Instagram-Post von Stefan von Bartha wurde am 6. Januar 2018 publiziert. | Quelle: Galerie von Bartha

«Zuerst musste eine Auslöschung stattfinden»

Hanna Hölling, Kunsthistorikerin, Hochschule der Künste Bern

«Dieses Graffiti-Tag ist heute nicht mehr zu sehen. Das Bild gehört zu den sehr seltenen Fotos von Arbeiten der Künstlerin Florence Jung. Die Geschichte dahinter: Am 6. Januar 2018 entdeckte ein Mitarbeiter der Basler Galerie Von Bartha den Schriftzug auf dem Fenster. Galerist Stefan von Bartha war gerade auf Reisen und sehr verärgert, als er darüber informiert wurde. Er teilte das Foto und seinen Unmut darüber auf Instagram, nach zwei Tagen liess er das Graffiti entfernen. Spulen wir zurück: Einige Monate zuvor hatte Jung eine Zusage zu einer Ausstellung in der Galerie gegeben, geknüpft an eine Bedingung: Der Galerist würde über das Werk nicht informiert werden, bis es realisiert ist.
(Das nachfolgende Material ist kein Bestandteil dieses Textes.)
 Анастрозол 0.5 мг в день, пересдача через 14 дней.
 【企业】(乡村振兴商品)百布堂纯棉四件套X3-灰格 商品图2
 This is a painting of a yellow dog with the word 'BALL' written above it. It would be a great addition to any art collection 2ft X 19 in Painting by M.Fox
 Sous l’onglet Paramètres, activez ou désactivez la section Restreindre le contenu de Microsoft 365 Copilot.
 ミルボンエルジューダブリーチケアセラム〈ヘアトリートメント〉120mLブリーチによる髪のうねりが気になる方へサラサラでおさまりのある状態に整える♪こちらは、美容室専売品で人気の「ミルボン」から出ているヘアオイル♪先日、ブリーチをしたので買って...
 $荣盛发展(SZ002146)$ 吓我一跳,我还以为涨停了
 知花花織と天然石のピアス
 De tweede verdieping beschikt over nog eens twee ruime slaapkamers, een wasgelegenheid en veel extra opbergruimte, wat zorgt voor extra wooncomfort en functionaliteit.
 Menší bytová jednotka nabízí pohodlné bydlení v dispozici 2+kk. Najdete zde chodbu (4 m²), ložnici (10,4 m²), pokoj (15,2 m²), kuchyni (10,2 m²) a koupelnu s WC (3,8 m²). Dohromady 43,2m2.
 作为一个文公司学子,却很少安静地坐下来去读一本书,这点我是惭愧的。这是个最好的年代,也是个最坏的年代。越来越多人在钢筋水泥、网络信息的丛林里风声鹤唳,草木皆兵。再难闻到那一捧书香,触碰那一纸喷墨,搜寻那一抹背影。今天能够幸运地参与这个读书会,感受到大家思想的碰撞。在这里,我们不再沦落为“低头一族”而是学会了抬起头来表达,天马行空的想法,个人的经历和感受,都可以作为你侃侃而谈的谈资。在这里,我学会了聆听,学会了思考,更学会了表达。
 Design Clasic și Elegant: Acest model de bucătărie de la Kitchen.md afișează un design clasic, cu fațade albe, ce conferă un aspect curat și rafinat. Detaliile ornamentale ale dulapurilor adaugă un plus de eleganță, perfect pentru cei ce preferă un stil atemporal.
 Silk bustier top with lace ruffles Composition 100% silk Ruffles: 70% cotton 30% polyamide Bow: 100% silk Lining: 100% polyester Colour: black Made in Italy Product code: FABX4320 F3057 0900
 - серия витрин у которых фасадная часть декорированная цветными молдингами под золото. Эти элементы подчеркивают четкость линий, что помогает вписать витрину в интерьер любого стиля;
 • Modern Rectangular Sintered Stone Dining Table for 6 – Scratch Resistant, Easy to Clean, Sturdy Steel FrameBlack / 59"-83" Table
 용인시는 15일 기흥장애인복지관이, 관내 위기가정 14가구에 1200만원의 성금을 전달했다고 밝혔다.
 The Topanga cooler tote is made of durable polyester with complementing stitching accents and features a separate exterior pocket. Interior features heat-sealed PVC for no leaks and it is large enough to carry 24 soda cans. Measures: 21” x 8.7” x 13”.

Jung versicherte ihm aber, dass er es erkennen würde, wenn es einmal da sei. Sie beauftragte dann eine Graffiti-Künstlerin, die das Tag über Nacht sprayte. In einer E-Mail vom 8. Januar erklärte die Künstlerin dem Galeristen, dass die Ausstellung aus dem entfernten Graffiti und einer Medienmitteilung bestand. Da ist schon der erste Sinn von ‹etwas fehlt›: Zunächst hatte die Interpretation, der Kontext gefehlt. Es handelte sich also bereits um eine Art von Leere, von Nichtdasein. Und der zweite Sinn: Für die vollständige Realisierung des Werks ‹Jung 56› musste eine Art Auslöschung stattfinden.

«Das Graffiti ist das physische Überbleibsel, das für die Abwesenheit der Performance steht.»

‹Jung 56› ist wie alle Werke der Künstlerin hyperkonzeptionell. Hier spielt sie mit Zuständen der Unsichtbarkeit, Wahrnehmungen und situativen Kontexten, mit Material- und Medienverweigerung. Dazu gehört auch, dass sie die emotionalen Spannungen aushält, die es auslöst. Man kann ‹Jung 56› aus der Perspektive des sogenannten performativen Paradigmas betrachten: Der Akt der Ausführung über Nacht wäre in diesem Sinn die Performance, das Graffiti das physische Überbleibsel, das für die Abwesenheit der Performance steht. Das Entfernen des Tags zeigt dann doppelt das Verschwinden.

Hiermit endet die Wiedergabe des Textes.